Но было бы странно мечтать о свиданиях, когда ты корчишься в судорогах паники каждый раз, как кто-то пытается хотя бы приблизиться к тебе.
— Это ты — избалованная поганка? — прозвучал над самым ухом Фобии хриплый женский голос. Сердце стремительно рвануло в пятки, и крик уже начал зарождаться в горле, но бывший тюремный призрак Цепь торопливо зажала ей рот рукой. Рука была холодная, как сырой подземельный воздух, и бесплотная. Фобия ощутила только слабое дуновение на своих губах. Однако, этого было достаточно, чтобы паника на несколько секунда замерла, раздумывая, как ей поступить дальше, а потом неторопливо зашагала прочь, независимо насвистывая. Мысленно Фобия посмотрела ей в спину.
— Кто я? — спросила она.
— Так тебя Крест называет, — Цепь уселась рядом, вытянув ноги. Тонкие грязные ноги, заточенные в кандалы, были босыми. Спутанные длинные волосы падали на худое лицо. Скованные цепями руки призрак прилежно положила на колени, прикрытые разодранным, когда-то пышным платьем. — Избалованная поганка, — повторила Цепь с удовольствием.

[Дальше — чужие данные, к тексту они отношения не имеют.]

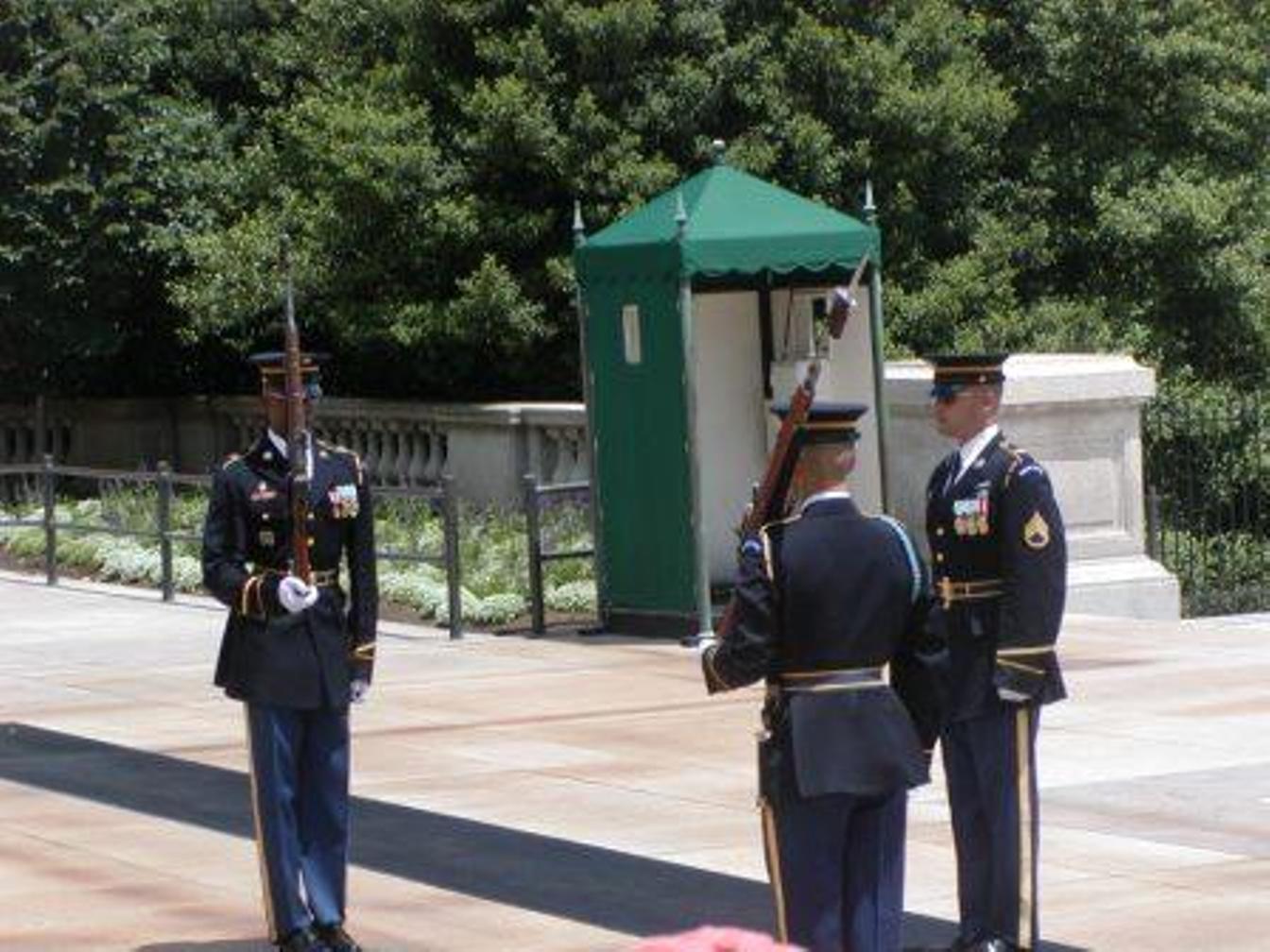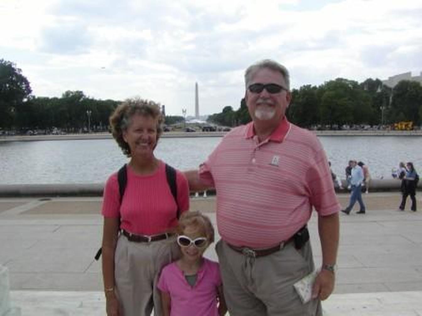 Wednesday June 6 Up early and to Union station via bus & rail; we are getting pretty good at our transfers! We bought Tourmobile tickets and obtained a Metro police patch for Mike. The tourmobile goes all around the city, including Arlington National Cemetery. We visited the Jefferson Monument, saw John & Robert Kennedy's graves in Arlington, saw the presentation of the wreath at the Tomb of the Unknown Soldier and changing of the guard--what an awesome experience. We had lunch at a street vendor near the Lincoln Memorial, then stood on the step of the Memorial where Martin Luther King gave his "I Have a Dream" speech. We stopped at the White House Visitor Center as you have to request White House tour tickets at least 6 months in advance (which we didn't realize in time) and took pictures of the White House. We toured the National Archives to see the Declaration of Independence, Constitution and the Bill of Rights. We also saw one of the three existing copies of Magna Carta. We then walked to Grandpa's cousins, Suzan & Chris, to visit and had a delicious dinner with them at Chef Geoff's in DC. Suzan drove us back to the campground at 9:30 PM. A long but fun-filled day.
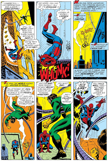Note to Heroic Adventure Super Hero Comic Book Artists. THIS is how you stage a 3 page battle between a superhero and one of his most deadly foes. Because Spidey isn’t well… his banter is almost nil (we hear his thought’s, but they are about survival). You can’t have a hero on his heels and yet make him smug - and Doc Ock SOUNDS and LOOKS like he’s moving in for the kill… the difference between writing dialogue like this for the Porcupine or the Cowled Commander is crucial…. THIS is a dangerous foe.
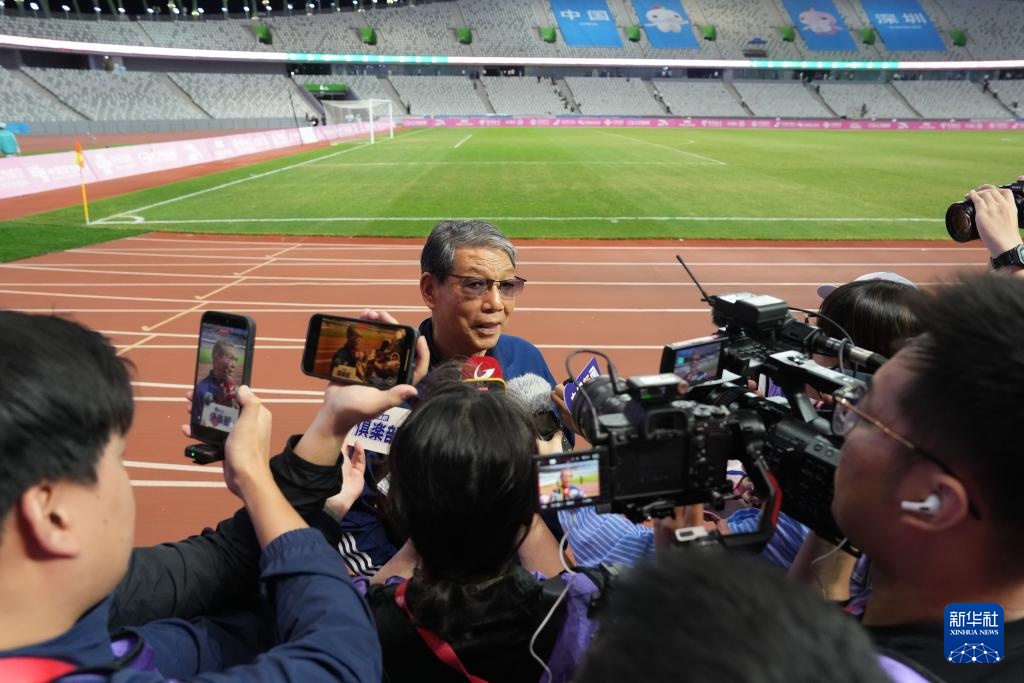 11月12日,上海隊總教練徐根寶(中)在賽后接受采訪。
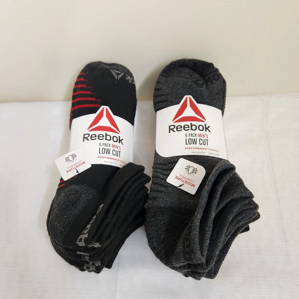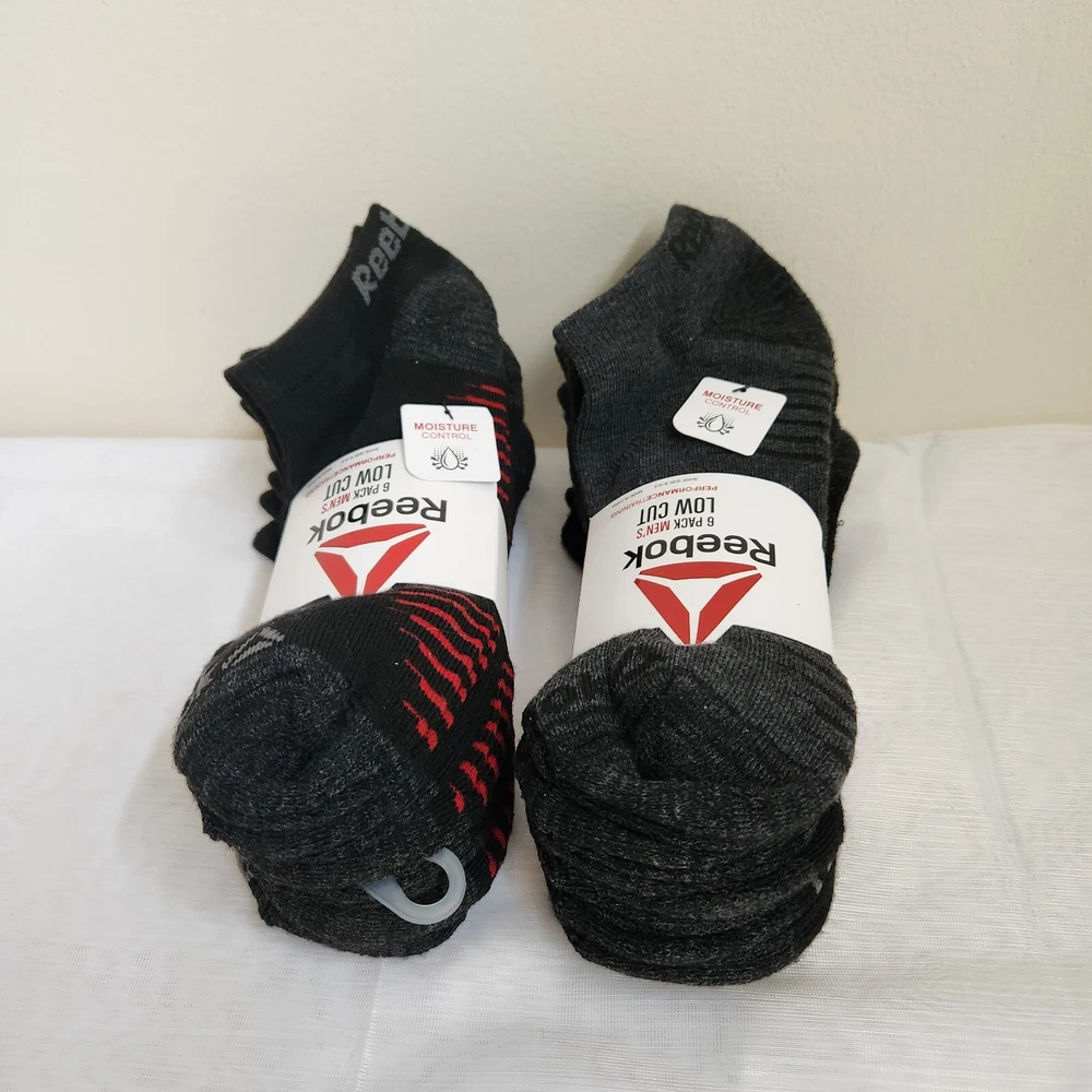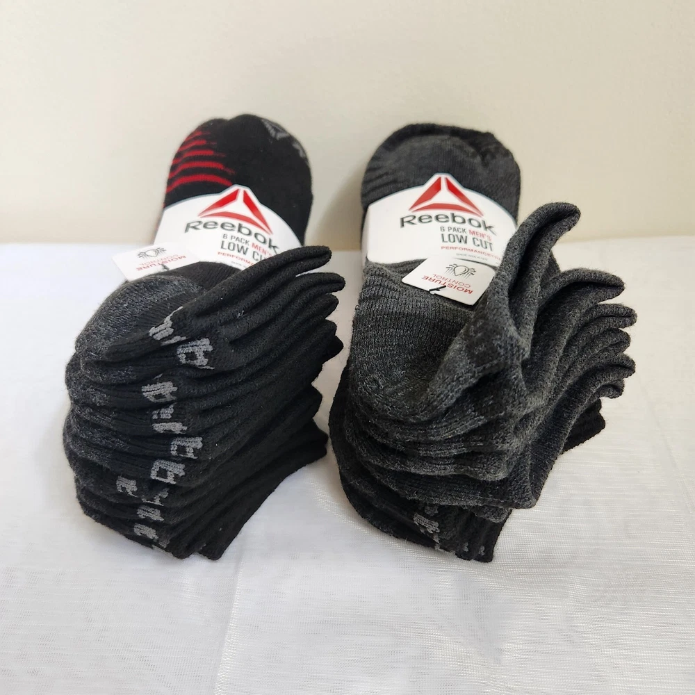 Reebok Socks Mens 6-12.5 Performance Training Low Cut Black/Red & Gray 2 6-Packs - NEW with Tags - Contains 2 - 6 Pack Reebok Mens Performance Training Low Cut Socks Black /w Red & Black /w Gray - Style Profile - Stretch, Moisture Control, Dry, Cool, Comfortable, Cushion, Comfort, Workout, Gym, Sports, Active - Returns acceptable within 30 days of purchase unopened in original packaging
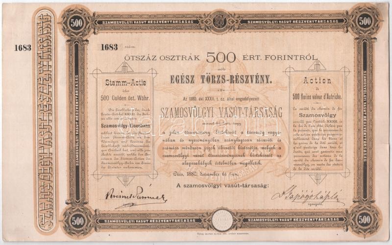 Deés 1880. "Szamosvölgyi Vasút-Társaság" egész törzsrészvénye 500Ft-ról, magyar, osztrák és francia nyelven, szárazpecséttel és szelvényekkel T:II,II- fo.
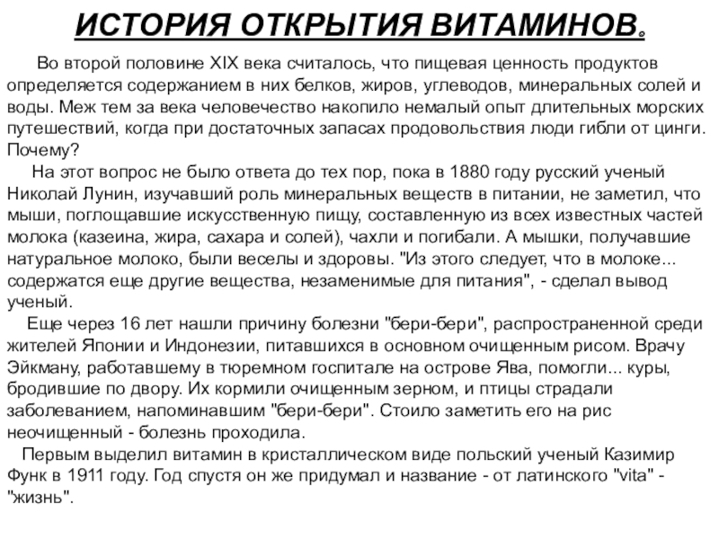 Авитаминоз — это специфическое нарушение обмена веществ, вызванное длительным отсутствием (дефицитом) какого-либо витамина в организме, которое приводит к определенному заболеванию или гибели организма.
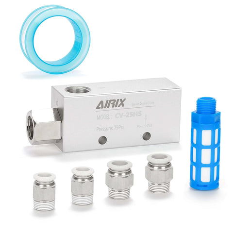 ✅ Bonus silencer filter reduces noise and blocks debris; two quick-connect fittings included (PC10-03 for 10 mm / 0.39 in and PC12-03 for 12 mm / 0.47 in)
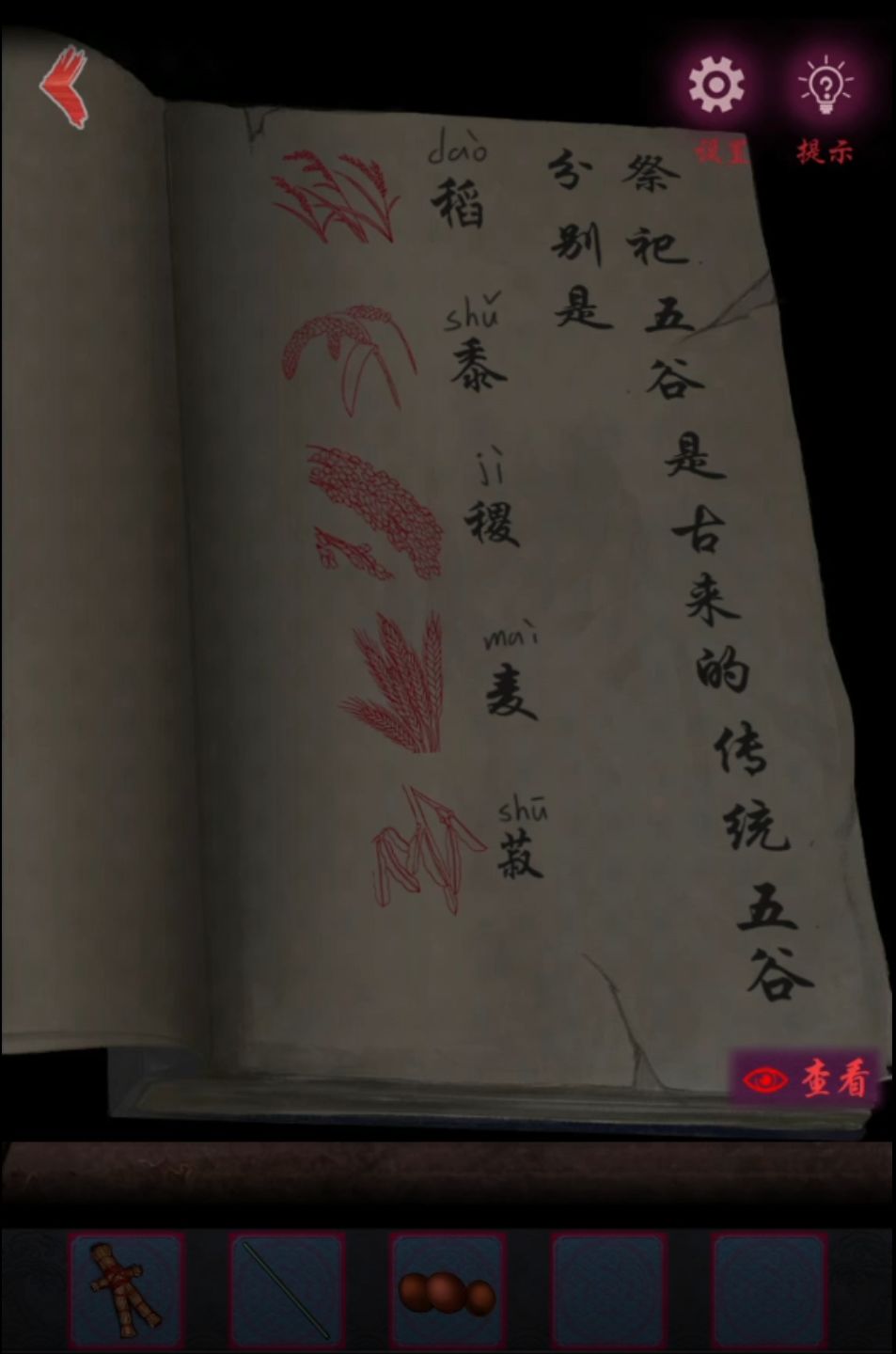 进入祠堂发现红衣女子本体倒在地上气绝身亡了,旁边柜子拿到草人,供桌上拿到筷子和红鸡蛋,旁边书上画着五谷,如果有认识的这里就不用管了,感觉大多数小伙伴应该是不认识的,画下来吧,五谷杂粮现在吃的还比较多的就是稻和麦了。
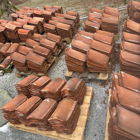 Tegltakstein i rød/oransje farge. Tradisjonell buet takstein i tegl, egnet til taktekking eller ulike bygge- og hageprosjekter. Flere stein i samme type og størrelse som vist på bildene.
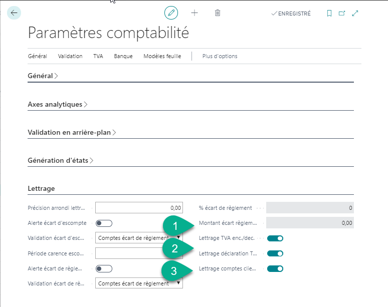 | 2. Lettrage automatique déclaration TVA | Si activé,Lettre automatiquement Lorsque la déclaration de TVA est validée ET que les comptes sont soldés les écritures sont lettrées. Si désactivé,Lettrage manuel. |
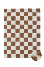 Voor de liefde voor tegels! Dit ontwerp toont het traditionele dambordpatroon van keukentegels op een tapijt. De contrasterende vierkanten in toffee en crème zorgen voor een opvallend accent in elk interieur. De voegen tussen de tegels laten het onderliggende canvas zien, gemaakt door onze RugCycled®-basis te combineren met natuurlijk, ongeverfd katoengaren. Keukentegels voelden nog nooit zo zacht aan om op te lopen!
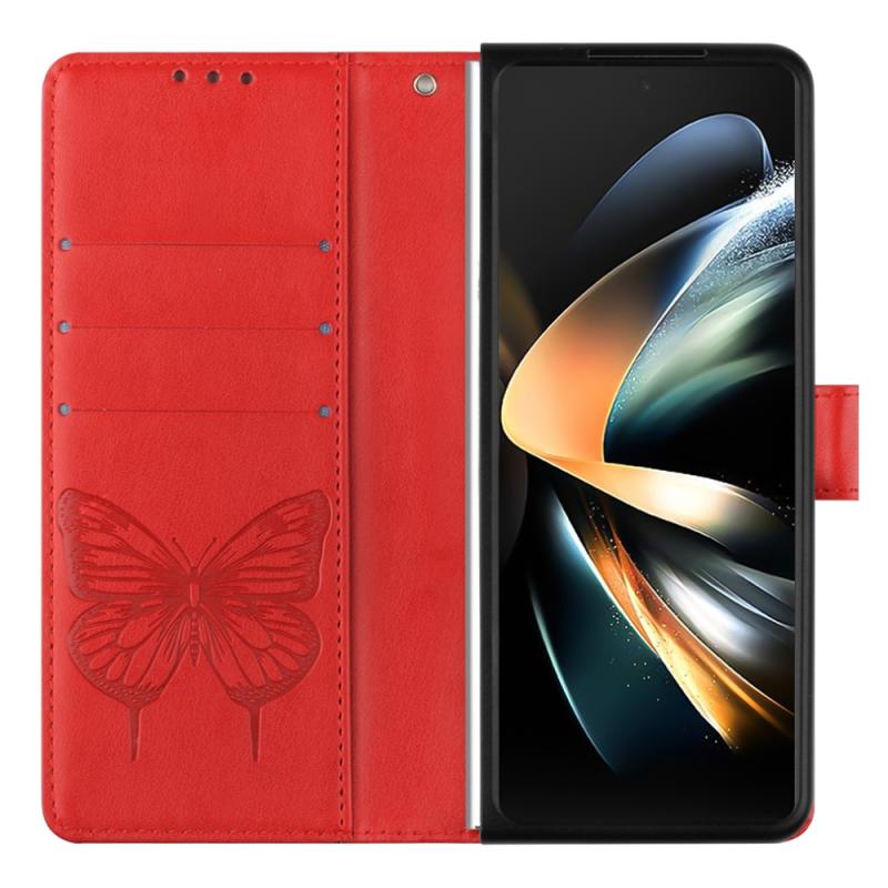 For Samsung Galaxy Z Fold4 Embossed Butterfly Leather Phone Case(Red)
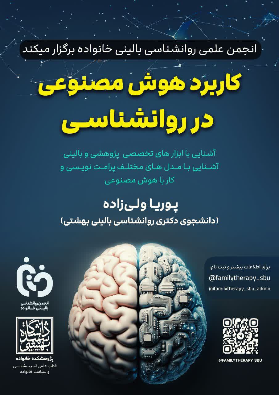 انجمن علمی روانشناسی بالینی خانواده دانشگاه شهید بهشتی برگزار میکند: کارگاه کاربرد هوش مصنوعی در روانشناسی
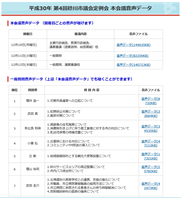 砂川市議会のHPに12月議会の「本会議音声データ」が公開されましたのでリンクします。音声データには12月議会の本会議場でのやり取りが全て公開されていますが、「一般質問」については上の写真のように別枠で公開されています。

— Я Фобия. У меня проблемы со здоровьем.
— Крест говорит, что у тебя проблемы с головой.
— Это потому, что он не очень умный и не разбирается в психиатрии.
Цепь хмыкнула.
— Я тоже считаю, что этот лагерь — не слишком умная затея, — согласилась она. — Мы тридцать лет чудесно жили. Вдвоем. Путешествовали. А потом вышел из тюрьмы Оллмотт, прилетела на своем помеле нянюшка Йокк, и все изменилось, — она недовольно позвенела цепями. — Крест — упрямый сукин сын. Он притащил нас сюда. Притащил сюда этих долбанных псевдомагов и других психов. Ты знаешь, что Нексы объявлены в розыск в тридцати округах? Они мошенники. А сейчас — учат таких тугодумок, как ты. Вам по двадцать лет, а с вами возятся, как с детьми. Я умерла в пятнадцать, и уже была невестой.
— Почему ты умерла?
— Не выдержала пыток. Я отравила своего жениха, он был толстым и изо рта у него пахло луком. Меня посадили в тюрьму, и я умерла от пыток.
— Ужасная история, — пробормотала Фобия. — Поэтому ты так привязана к Кресту? Вы оба убийцы.
— Фью! — Цепь расхохоталась. — Цыпочка моя, рыба, фиалка нежная, а ты уверена, что никто не умер от твоих выкрутасов с энергией? Антилоп она боится!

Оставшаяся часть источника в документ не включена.